Dataset content:
_ _ _ _ _
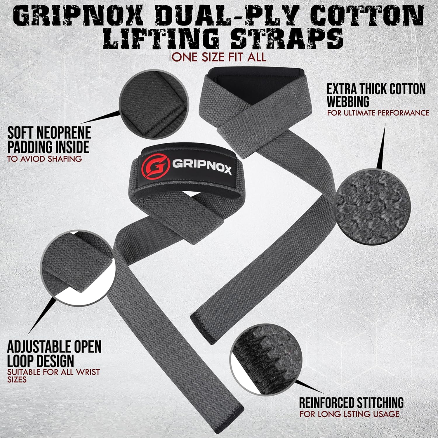 GRIPNOX Lifting Straps are designed for serious athletes who demand the best in grip support and wrist stability. Crafted from premium cotton-neoprene blend material, these straps are engineered to withstand the most demanding training sessions. Whether you’re performing heavy deadlifts, barbell rows, shrugs, rack pulls, or any pulling movement, GRIPNOX straps eliminate grip fatigue so your muscles can work to their full potential. The thick neoprene padding prevents chafing and irritation during extended sessions, while the reinforced stitching ensures long-lasting durability. Available in multiple colors and sizes to suit every athlete.
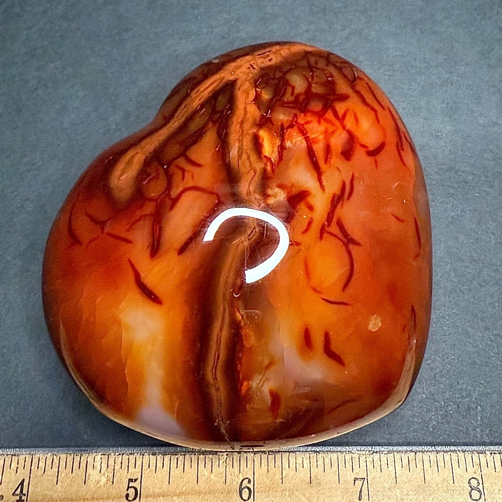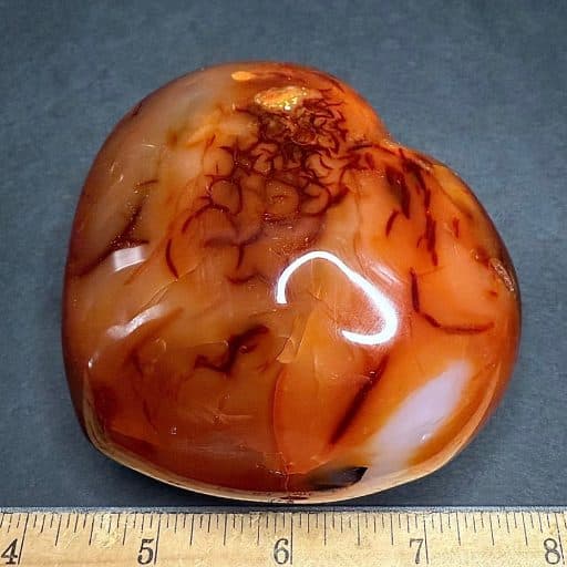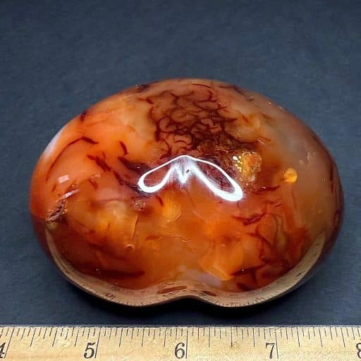 Carnelian is a red or reddish-brown variant of Chalcedony but also may come in the colors of orange and pink. It is quite common and usually found in translucent pebble form. It is found in several areas of Europe, Iceland and Madagascar.
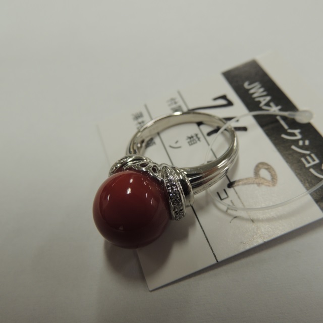 リング 赤珊瑚 14mm Pt900 17.70g 鑑 石目:0.53
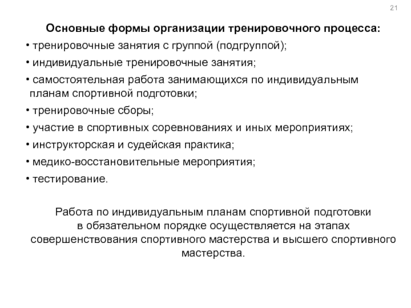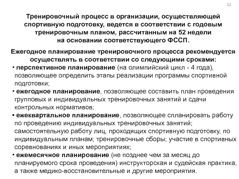 Слайд 22Тренировочный процесс в организации, осуществляющей спортивную подготовку, ведется в соответствии
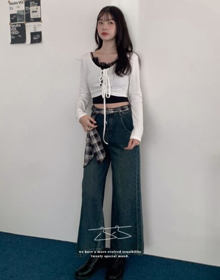 韓系girl--舒適版型刷舊高磅牛仔寬褲(附腰帶 2512034-復古藍
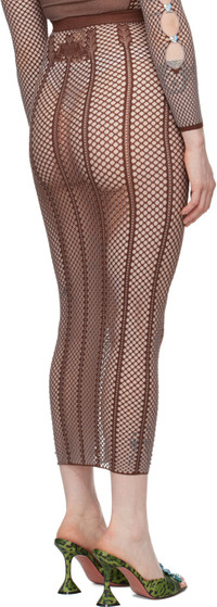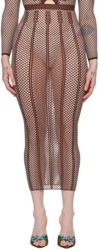 Stretch nylon- and polyester-blend fishnet skirt. Jacquard graphic pattern throughout. · High-rise · Rib knit waistband · Jacquard logo graphic at front Supplier color: Old money brown
_ _ _ _ _
Task statement: Write the entries above out in full, exactly, with no images.

Answer for this exercise:
 GRIPNOX Lifting Straps are designed for serious athletes who demand the best in grip support and wrist stability. Crafted from premium cotton-neoprene blend material, these straps are engineered to withstand the most demanding training sessions. Whether you’re performing heavy deadlifts, barbell rows, shrugs, rack pulls, or any pulling movement, GRIPNOX straps eliminate grip fatigue so your muscles can work to their full potential. The thick neoprene padding prevents chafing and irritation during extended sessions, while the reinforced stitching ensures long-lasting durability. Available in multiple colors and sizes to suit every athlete.
 Carnelian is a red or reddish-brown variant of Chalcedony but also may come in the colors of orange and pink. It is quite common and usually found in translucent pebble form. It is found in several areas of Europe, Iceland and Madagascar.
 リング 赤珊瑚 14mm Pt900 17.70g 鑑 石目:0.53
 Слайд 22Тренировочный процесс в организации, осуществляющей спортивную подготовку, ведется в соответствии
 韓系girl--舒適版型刷舊高磅牛仔寬褲(附腰帶 2512034-復古藍
 Stretch nylon- and polyester-blend fishnet skirt. Jacquard graphic pattern throughout. · High-rise · Rib knit waistband · Jacquard logo graphic at front Supplier color: Old money brown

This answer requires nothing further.